### [BRIEF]
Output only the lines below from the one containing "Exceptional display featuring" to the one containing "Le 21 mars 2015, nous", exactly as written, both ends kept.

### [EXTRACTED RECORDS]
++++
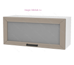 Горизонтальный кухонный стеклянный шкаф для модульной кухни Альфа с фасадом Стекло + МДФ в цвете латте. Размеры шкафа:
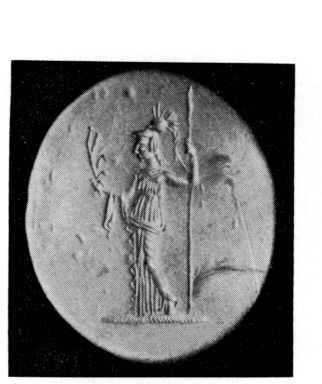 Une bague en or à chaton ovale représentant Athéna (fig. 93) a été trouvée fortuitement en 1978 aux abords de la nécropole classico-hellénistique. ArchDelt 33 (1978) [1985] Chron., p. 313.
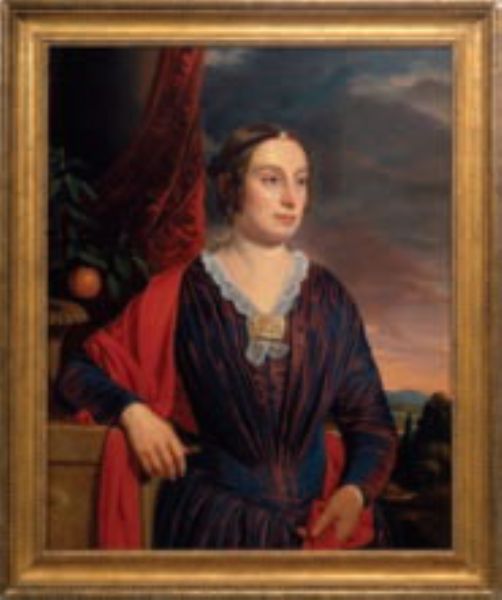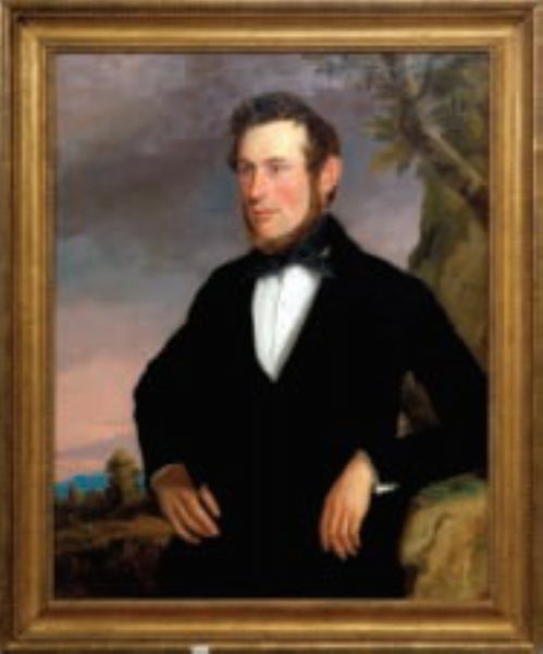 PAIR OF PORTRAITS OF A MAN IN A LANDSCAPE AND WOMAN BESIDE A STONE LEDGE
++++
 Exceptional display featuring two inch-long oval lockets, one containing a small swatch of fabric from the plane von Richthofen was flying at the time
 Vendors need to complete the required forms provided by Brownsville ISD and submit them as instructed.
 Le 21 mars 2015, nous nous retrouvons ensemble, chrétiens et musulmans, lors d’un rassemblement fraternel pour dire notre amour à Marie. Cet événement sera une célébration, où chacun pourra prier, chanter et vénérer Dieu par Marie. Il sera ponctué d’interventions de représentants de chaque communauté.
++++
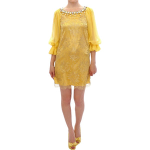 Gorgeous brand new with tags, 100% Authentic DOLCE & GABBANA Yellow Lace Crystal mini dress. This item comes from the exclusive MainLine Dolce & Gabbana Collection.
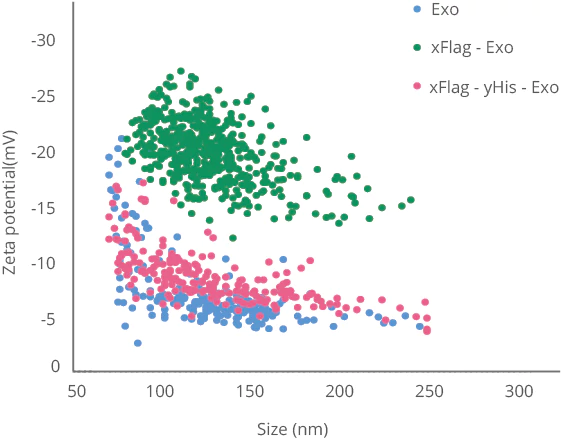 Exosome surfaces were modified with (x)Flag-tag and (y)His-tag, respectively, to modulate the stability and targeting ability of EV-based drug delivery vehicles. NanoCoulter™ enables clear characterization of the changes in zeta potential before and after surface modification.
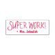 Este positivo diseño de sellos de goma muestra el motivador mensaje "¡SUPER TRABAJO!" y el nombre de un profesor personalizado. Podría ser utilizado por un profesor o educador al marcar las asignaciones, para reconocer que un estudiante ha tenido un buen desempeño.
++++
### [YOUR RESPONSE]
 Exceptional display featuring two inch-long oval lockets, one containing a small swatch of fabric from the plane von Richthofen was flying at the time
 Vendors need to complete the required forms provided by Brownsville ISD and submit them as instructed.
 Le 21 mars 2015, nous nous retrouvons ensemble, chrétiens et musulmans, lors d’un rassemblement fraternel pour dire notre amour à Marie. Cet événement sera une célébration, où chacun pourra prier, chanter et vénérer Dieu par Marie. Il sera ponctué d’interventions de représentants de chaque communauté.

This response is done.